Input records section start
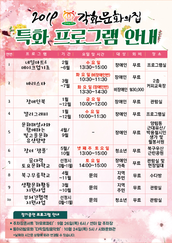 19년 장애인특화프로그램 안내 > 장애인특화 | 광주북구장애인직업재활센터 이룸광고 현수막 기념패 중증장애인생산품
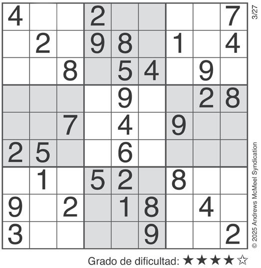 Complete el recuadro de tal manera que cada fila, columna y cuadro de 3x3 tengan los números del 1 al 9.
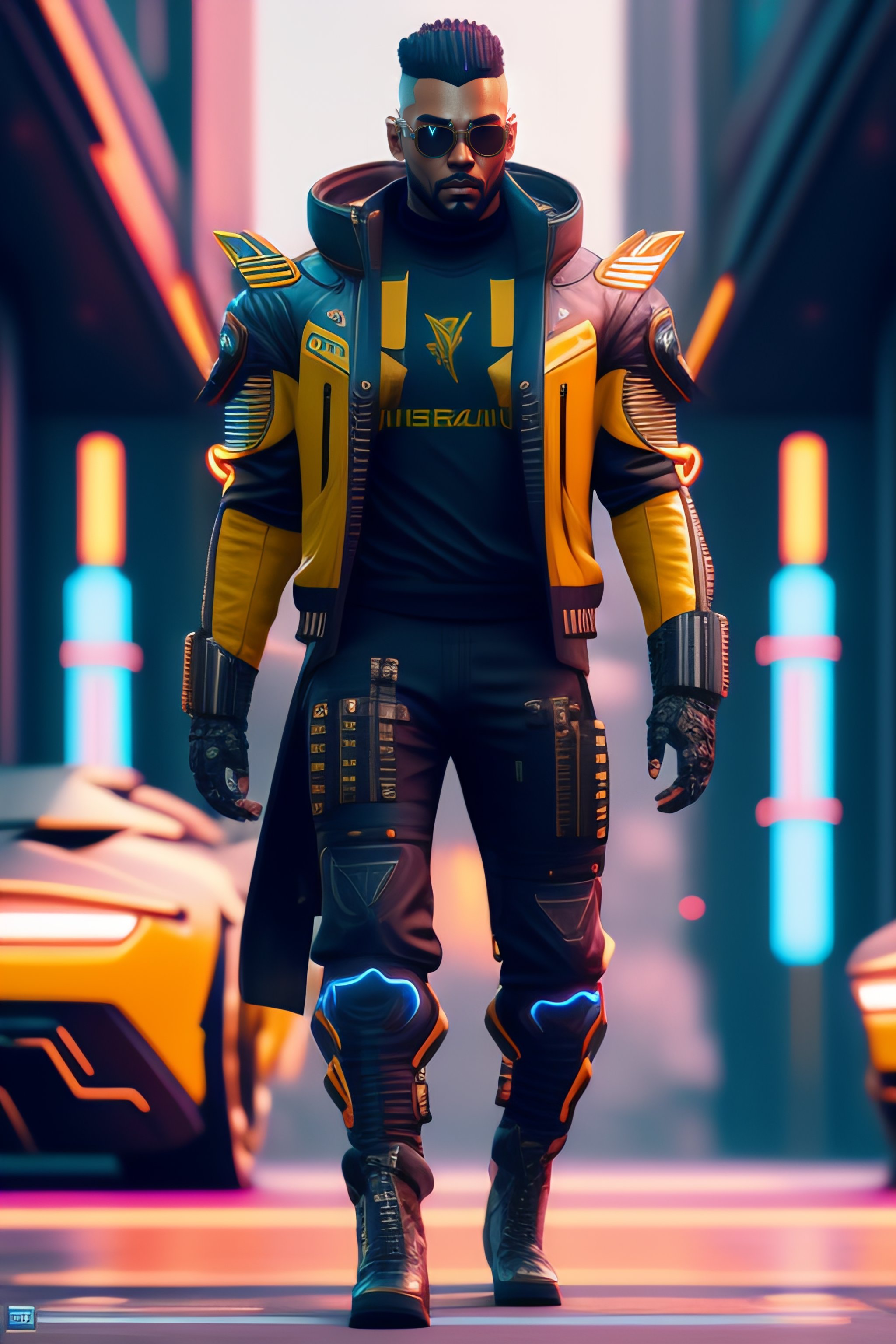 Cyberpunk 2077 full oufit on male character, fhd, unreal engine 5, trending on artstation, intricate detail, futuristic fashion, cyberpunk fashion
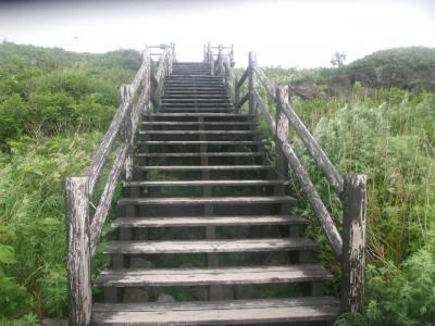 利尻島の西部、沓形地区の中でも最西端に突き出たところにあるのがこの岬で、付近は公園として整備されていて、キャンプ場もあって、1泊300円で利用することが出来るので、鴛泊のキャンプ場よりもリーズナブルです。ただここは海に突き出た立地ということもあって、風の通り道になることも多く、私が訪れた日も生憎の霧模様の天候で、雨は降っていませんでしたが、風の強さが半端なく、まさに修行僧のようなテント泊(ビバークといった方が良い位の風情)でした。苦行を求める方には逆にお勧めですが、一般のピクニック感覚のキャンパーの方には、ちょっとお勧めし辛いキャンプ場かなと思います。
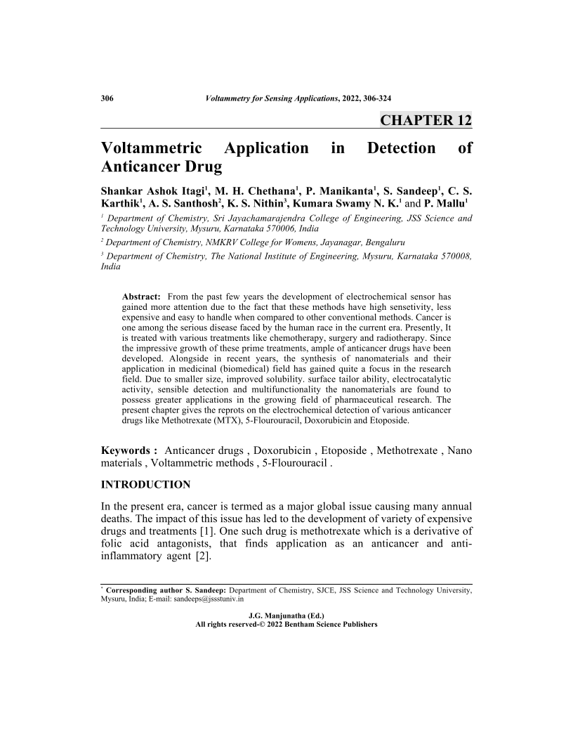 From the past few years the development of electrochemical sensor hasgained more attention due to the fact that these methods have high sensetivity, lessexpensive and easy to handle when compared to other conventional methods. Cancer isone among the serious disease faced by the human race in the current era. Presently, Itis treated with various treatments like chemotherapy, surgery and radiotherapy. Sincethe impressive growth of these prime treatments, ample of anticancer drugs have beendeveloped. Alongside in recent years, the synthesis of nanomaterials and theirapplication in medicinal (biomedical) field has gained quite a focus in the researchfield. Due to smaller size, improved solubility. surface tailor ability, electrocatalyticactivity, sensible detection and multifunctionality the nanomaterials are found topossess greater applications in the growing field of pharmaceutical research. Thepresent chapter gives the reprots on the electrochemical detection of various anticancerdrugs like Methotrexate (MTX), 5-Flourouracil, Doxorubicin and Etoposide.
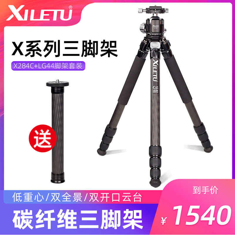 Xiletu X284C LG44 portable no-axis photography camera carbon fiber tripod low center of gravity head set
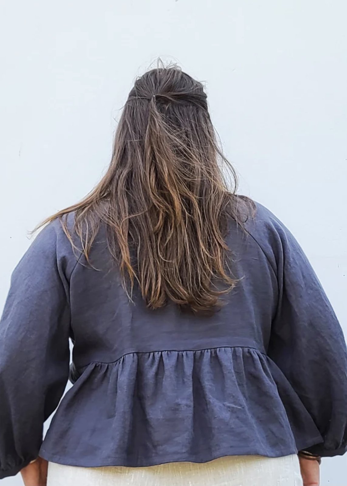 Ideal for lightweight woven fabrics with beautiful drape, such as linen/viscose blends, rayon challis, sandwashed silk, linen, or cotton lawn, the Romey pattern includes curvy sizes 16–34 (bust 47”–65”).
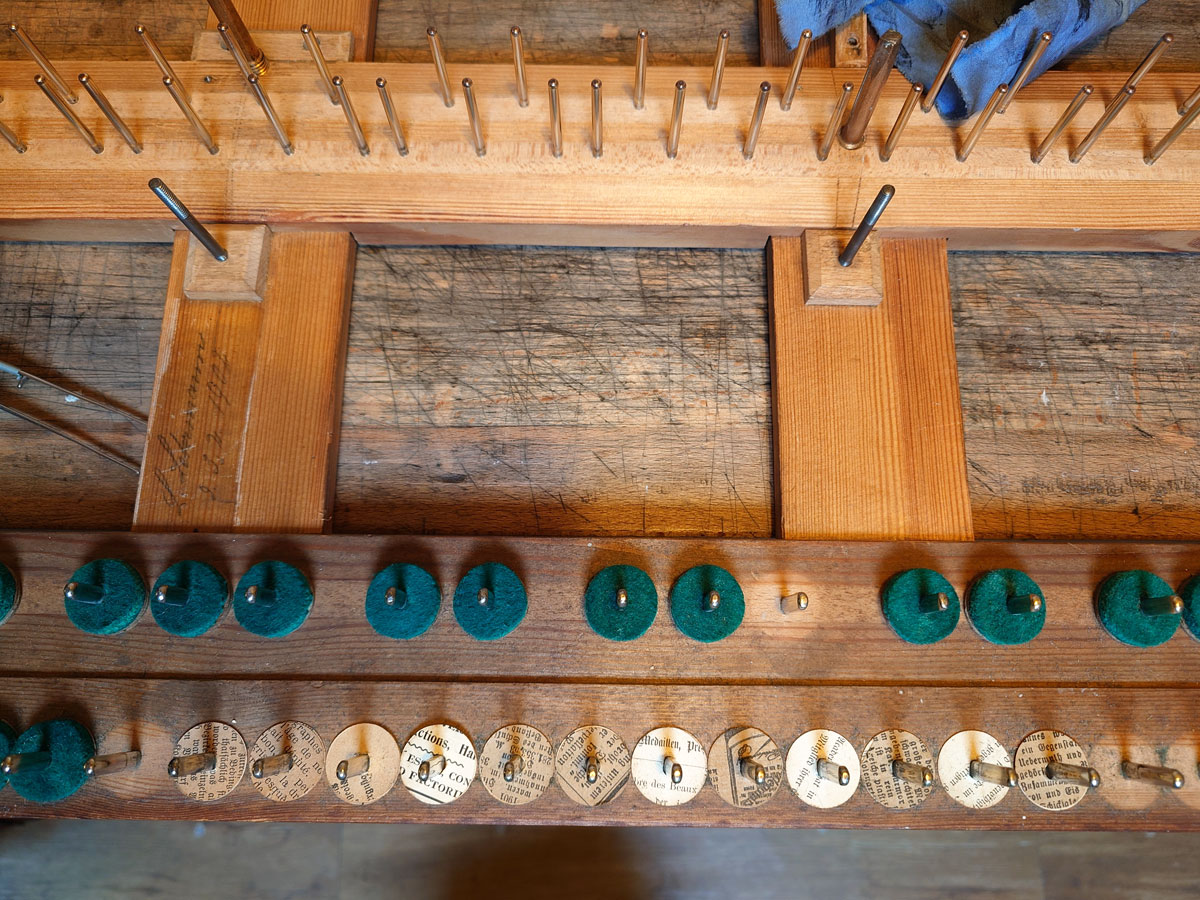 Toutes les garnitures du clavier sont remplacées ; ici, les casimir des mortaises de balancier.
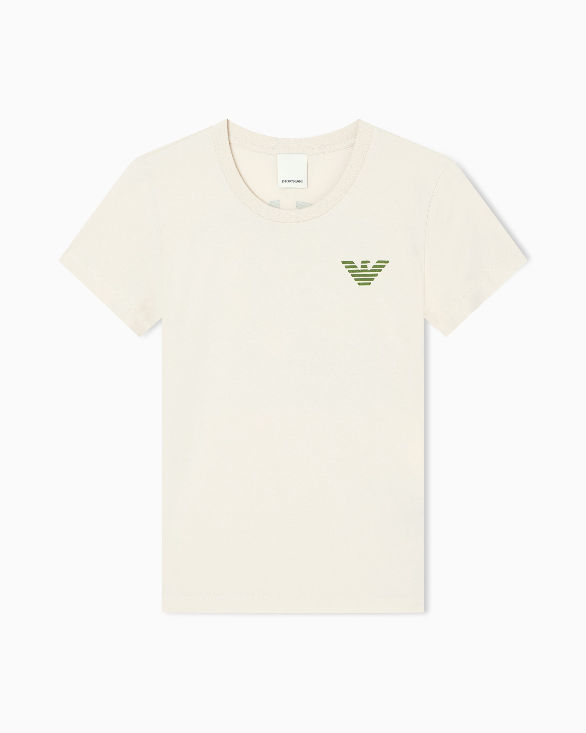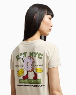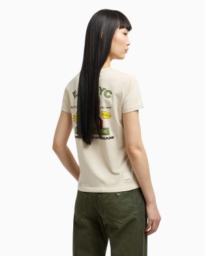 Crew-neck T-shirt in cosy cotton jersey. The item is distinguished by the iconic eagle logo on the chest and oversized collection print on the back. Imagine walking the hectic streets of New York, where every corner tells a story, every street has its own pace. The New York AW25 collection is inspired by this unique energy, intertwining the dynamism of the metropolis with comfort and modern street style.
Input records section end
Work required: From the records above, copy only the lines running from the line holding "Ideal for lightweight" through the line holding "Toutes les garnitures", with no pictures.

Output below:
 Ideal for lightweight woven fabrics with beautiful drape, such as linen/viscose blends, rayon challis, sandwashed silk, linen, or cotton lawn, the Romey pattern includes curvy sizes 16–34 (bust 47”–65”).
 Toutes les garnitures du clavier sont remplacées ; ici, les casimir des mortaises de balancier.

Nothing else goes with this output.